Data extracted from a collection
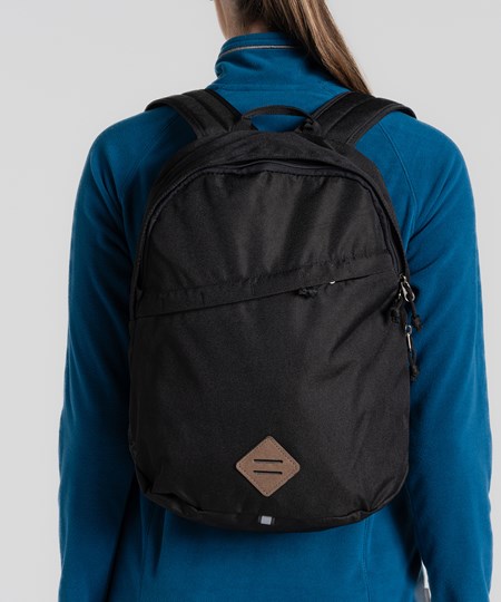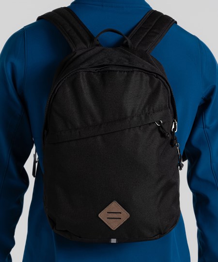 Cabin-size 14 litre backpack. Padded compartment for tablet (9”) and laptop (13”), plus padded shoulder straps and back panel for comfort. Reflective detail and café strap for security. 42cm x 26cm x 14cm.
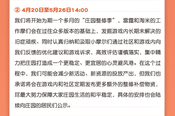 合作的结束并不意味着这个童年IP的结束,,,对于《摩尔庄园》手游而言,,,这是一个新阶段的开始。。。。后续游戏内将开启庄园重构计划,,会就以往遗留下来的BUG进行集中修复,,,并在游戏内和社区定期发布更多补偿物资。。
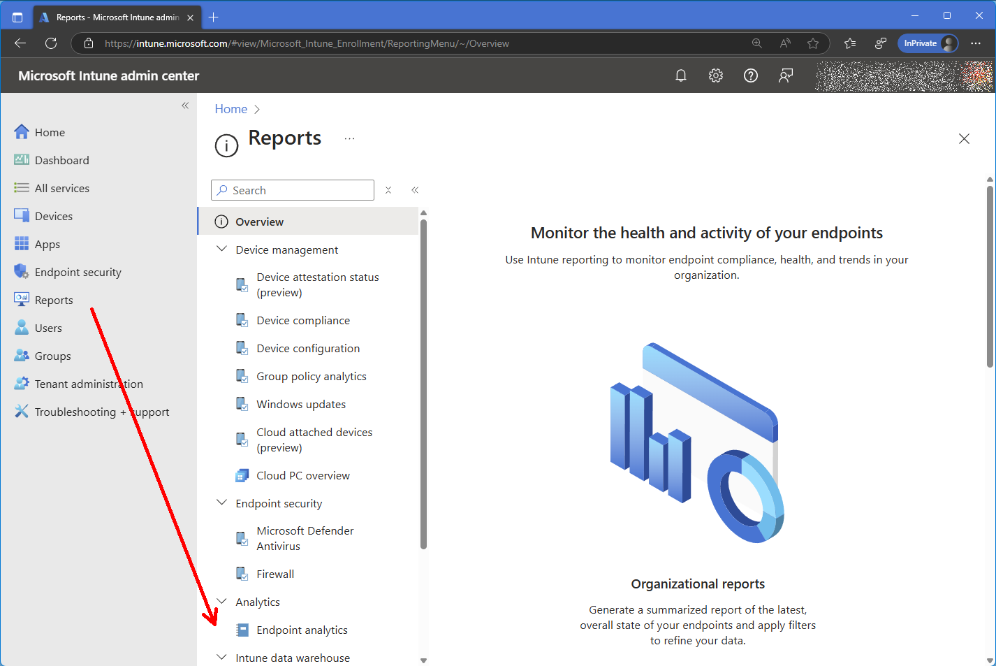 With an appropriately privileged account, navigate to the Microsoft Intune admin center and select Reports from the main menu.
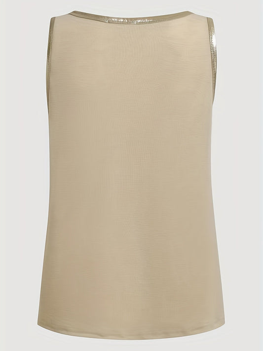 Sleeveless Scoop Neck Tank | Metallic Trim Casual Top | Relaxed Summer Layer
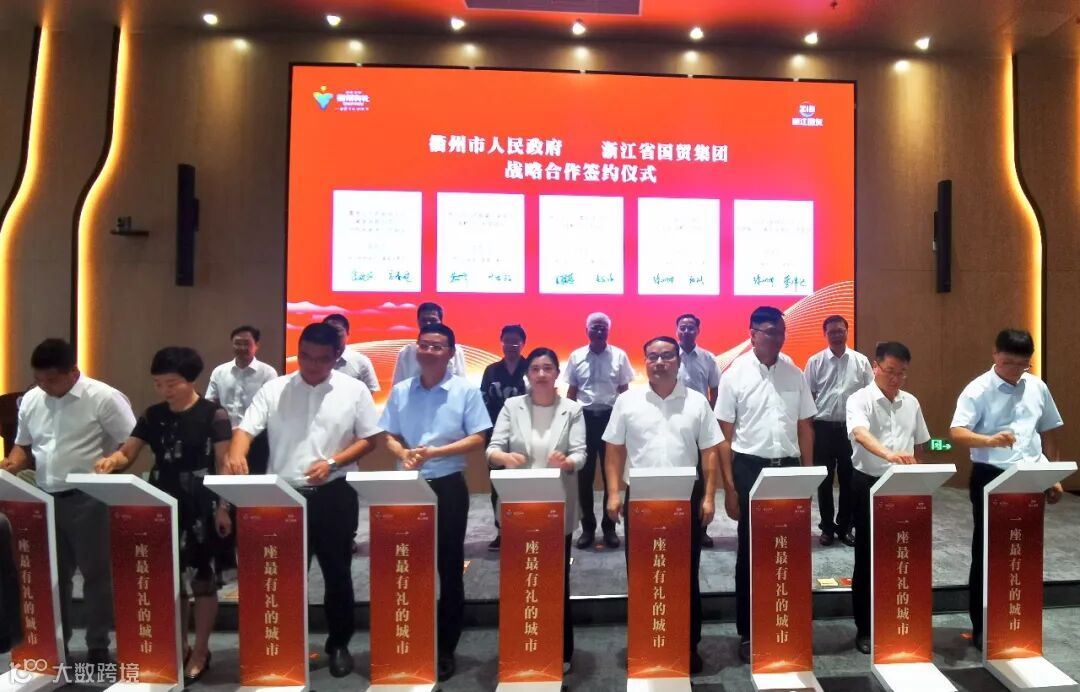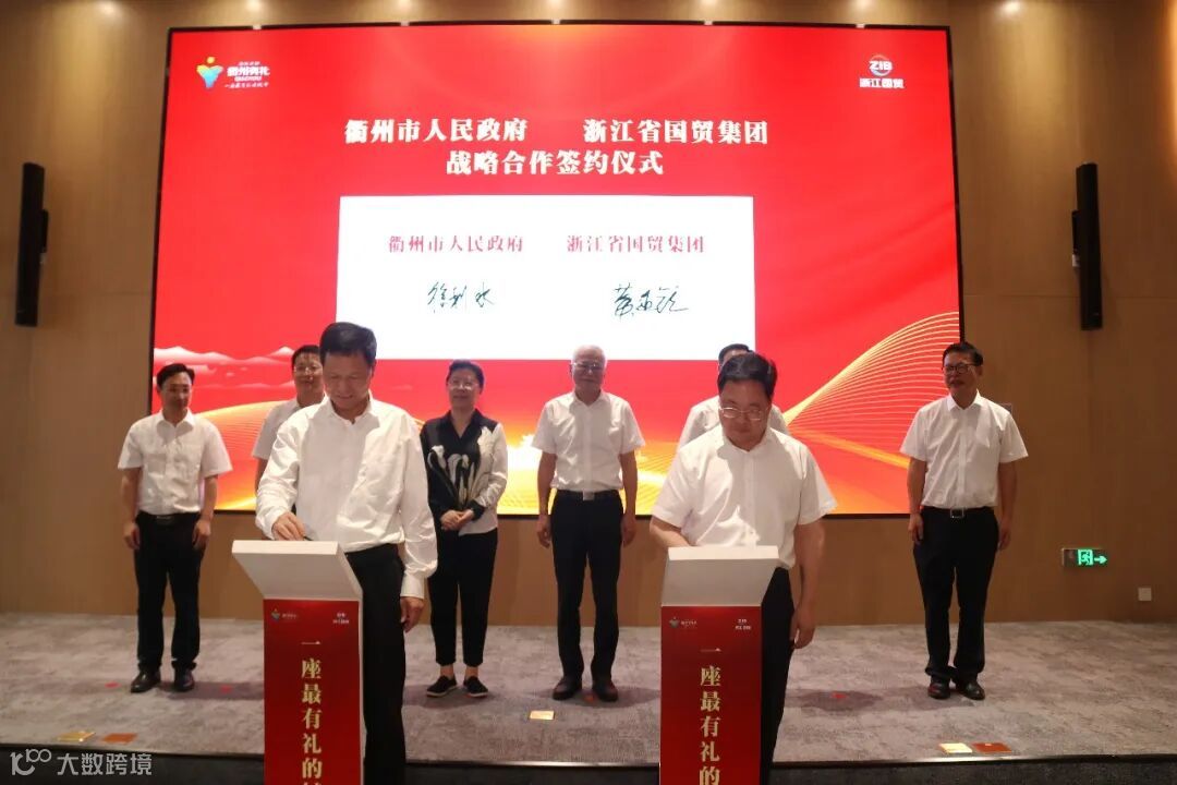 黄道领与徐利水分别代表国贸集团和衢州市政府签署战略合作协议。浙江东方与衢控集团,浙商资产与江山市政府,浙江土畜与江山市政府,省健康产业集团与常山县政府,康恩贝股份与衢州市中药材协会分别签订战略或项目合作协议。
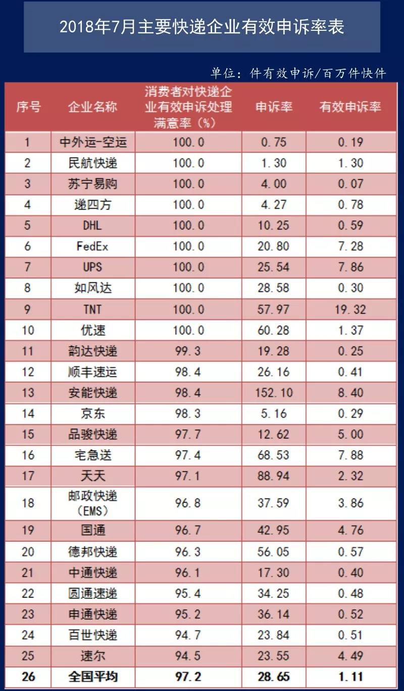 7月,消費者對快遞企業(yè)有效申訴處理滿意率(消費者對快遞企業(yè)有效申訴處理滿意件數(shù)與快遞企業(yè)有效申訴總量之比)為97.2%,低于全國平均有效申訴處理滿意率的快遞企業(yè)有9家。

Required action: Would you write out every record word for word, leaving no picture in?

Written solution:
 Cabin-size 14 litre backpack. Padded compartment for tablet (9”) and laptop (13”), plus padded shoulder straps and back panel for comfort. Reflective detail and café strap for security. 42cm x 26cm x 14cm.
 合作的结束并不意味着这个童年IP的结束,,,对于《摩尔庄园》手游而言,,,这是一个新阶段的开始。。。。后续游戏内将开启庄园重构计划,,会就以往遗留下来的BUG进行集中修复,,,并在游戏内和社区定期发布更多补偿物资。。
 With an appropriately privileged account, navigate to the Microsoft Intune admin center and select Reports from the main menu.
 Sleeveless Scoop Neck Tank | Metallic Trim Casual Top | Relaxed Summer Layer
 黄道领与徐利水分别代表国贸集团和衢州市政府签署战略合作协议。浙江东方与衢控集团,浙商资产与江山市政府,浙江土畜与江山市政府,省健康产业集团与常山县政府,康恩贝股份与衢州市中药材协会分别签订战略或项目合作协议。
 7月,消費者對快遞企業(yè)有效申訴處理滿意率(消費者對快遞企業(yè)有效申訴處理滿意件數(shù)與快遞企業(yè)有效申訴總量之比)為97.2%,低于全國平均有效申訴處理滿意率的快遞企業(yè)有9家。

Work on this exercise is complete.